### Extracted data
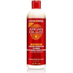 OGX Frizz-Free + Keratin Smoothing Oil Conditioner is a multi-tasking conditioner that combines five benefits into one product. It helps put frizz at ease, strengthens strands, improves flexibility, protects against humidity, and adds shine. It is infused with keratin, argan oil, and ceramides, and has a tropical orange, island pineapple, and golden amber scent. It is best used on wet, shampooed hair and left for 3-5 minutes before rinsing.
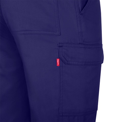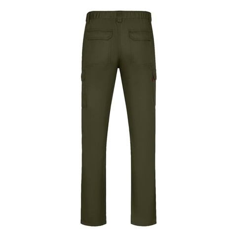 Monitaskuiset twill-housut (190 g/m²) puuvillaa (35 %) ja polyesteriä (65 %). Joustava vyötärönauha ja kuusi taskua (2 ranskalaista taskua, 2 sivutaskua ja 2 paljetaskua takana). Koot: 34, 36, 38, 40, 42, 44, 46, 48, 50, 52, 54, 56, 58, 60, 62, 64
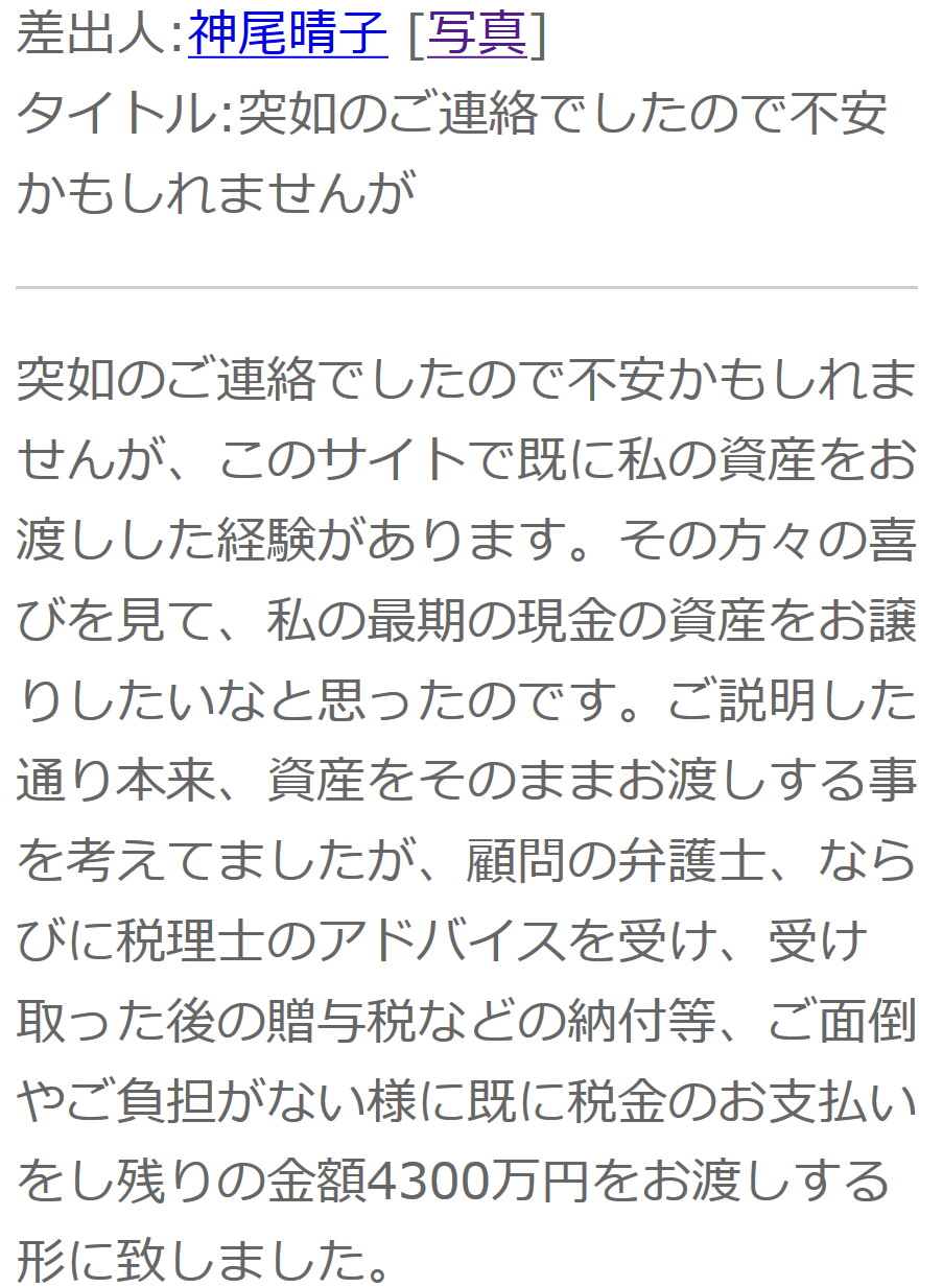 ![]() 「神尾 晴子」という人物から4300万円を受け取ってほしいとメールが送られてきます。
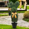 Ornamental Artificial Tree With Golden Bow, Imitation Boxwood Decoration, Suitable For Indoor And Outdoor Porch Decoration
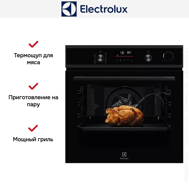 Готовьте свои лучшие блюда и пробуйте новые рецепты с духовым шкафом Electrolux EOC6P77H! Стандартные размеры и большой объем внутренней камеры — выбор тех, кто много готовит для семьи или частых праздничных встреч с друзьями. Желательно заранее продумать расположение такой модели в кухонном гарнитуре.
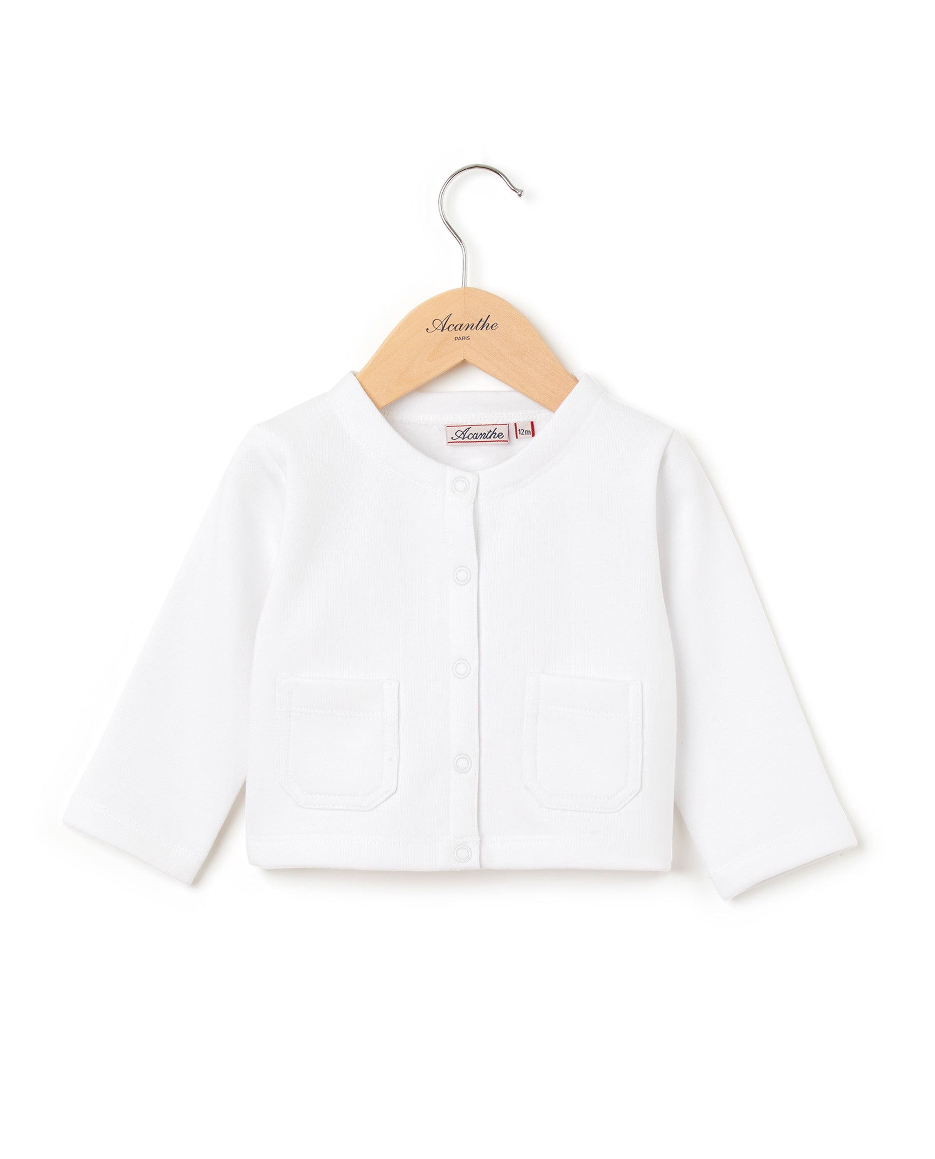 Cardigan bébé en molleton. Encolure ronde. Manches longues. Boutons pression au devant.
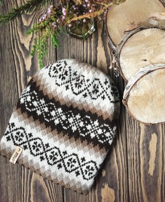 • Circular knitting needles 3.5 mm [US4] with 40 cm [16 in] cord, or DPN set in same size. • crochet hook 3.5 mm [USE/4] • Yarn Holst garn Noble (95% geelong wool, 5% cashmere), 50 g [1.75 oz] – 333 m [364 yds], yarn held double. • Сolors: 2946 – Earth, 1 skein; 2959 – Mouflon, 1 skein; 2898 – Pale Oak, 1 skein; 3193 – Almond, 1 skein.

### The problem
In the material above, which lines fall between the one holding "Monitaskuiset twill-housut (190" and the one holding "Ornamental Artificial Tree", inclusive? Print exactly those, with the pictures left out.

### Task output
 Monitaskuiset twill-housut (190 g/m²) puuvillaa (35 %) ja polyesteriä (65 %). Joustava vyötärönauha ja kuusi taskua (2 ranskalaista taskua, 2 sivutaskua ja 2 paljetaskua takana). Koot: 34, 36, 38, 40, 42, 44, 46, 48, 50, 52, 54, 56, 58, 60, 62, 64
 ![]() 「神尾 晴子」という人物から4300万円を受け取ってほしいとメールが送られてきます。
 Ornamental Artificial Tree With Golden Bow, Imitation Boxwood Decoration, Suitable For Indoor And Outdoor Porch Decoration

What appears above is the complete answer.